Description
Proposal
I think it would be great if pandas.core.categorical.Categorical.rename_categories could take a dict-like argument as an alternative to the index-like argument that it currently requires. This would make the syntax more similar to that of DataFrame.rename. The proposed change would allow for something like this:
Code Sample
>>>> df['categorical_var']
0 apples
1 oranges
2 apples
3 apples
>>>> # rename categories from 'apples' and 'oranges' to 'red fruits' and 'orange fruits'
>>>> df['categorical_var'].rename_categories({ 'apples': 'red fruits', 'oranges': 'orange fruits'})
0 red fruits
1 orange fruits
2 red fruits
3 red fruits
Why?
1. Allows the developer to execute the rename without any prior knowledge of the order of the categories.
This:
>>>> df['categorical_var']
0 apples
1 oranges
2 apples
3 apples
>>>> df['categorical_var'].rename_categories({ 'apples': 'red fruits', 'oranges': 'orange fruits'})
0 red fruits
1 orange fruits
2 red fruits
3 red fruits
instead of this:
>>>> df['categorical_var']
0 apples
1 oranges
2 apples
3 apples
>>>> # to figure out current category order
>>>> print(df['categorical_var'].cat.categories)
['apples', 'oranges']
>>>> # rename based on order
>>>> df['categorical_var'].rename_categories(['red fruits', 'orange fruits'])
0 red fruits
1 orange fruits
2 red fruits
3 red fruits
2. Allows the developer to much more easily rename one or a small subset of categories without having to worry about the rest of the category names.
This:
>>>> df['categorical_var']
0 apples
1 oranges
2 apples
3 apples
4 green fruits
5 yellow fruits
6 blue fruits
7 purple fruits
>>>> df['categorical_var'].rename_categories({ 'apples': 'red fruits', 'oranges': 'orange fruits'})
0 red fruits
1 orange fruits
2 red fruits
3 red fruits
4 green fruits
5 yellow fruits
6 blue fruits
7 purple fruits
instead of this:
>>>> df['categorical_var']
0 apples
1 oranges
2 apples
3 apples
4 green fruits
5 yellow fruits
6 blue fruits
7 purple fruits
>>>> # to find full list of categories
>>>> print(df['categorical_var'].cat.categories)

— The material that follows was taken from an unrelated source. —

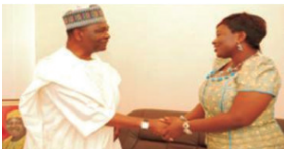
Ify Ebosie with former Head of State, Yakubu Gowon

These activities serve to provide reliable data on the unique cultural and creative activities and the capacities of the communities for socio-cultural capital re-engineering, and consequently promote development of policies that will gradually transform creative activities feedback into formal, creative, and cultural economy. The aim is also to strengthen diversity, and to assess the capacity of religious activities to meet the prerequisite of social solidarity and national integration, by using activities such as courtesy call visits and focus group sessions during the AFNC preliminary festivals in the local communities.

['apples', 'oranges' 'green fruits', 'yellow fruits', 'blue fruits', 'purple fruits']
>>>> # rename must contain full category list
>>>> df['categorical_var'].rename_categories(['red fruits', 'orange fruits', 'green fruits', 'yellow fruits', 'blue fruits', 'purple fruits'])
0 red fruits
1 orange fruits
2 red fruits
3 red fruits
4 green fruits
5 yellow fruits
6 blue fruits
7 purple fruits
3. As I mentioned above, this also makes the syntax more similar to the DataFrame.rename syntax, which I think increases overall usability
I would be happy to start working on this if others agree that adding the feature makes sense.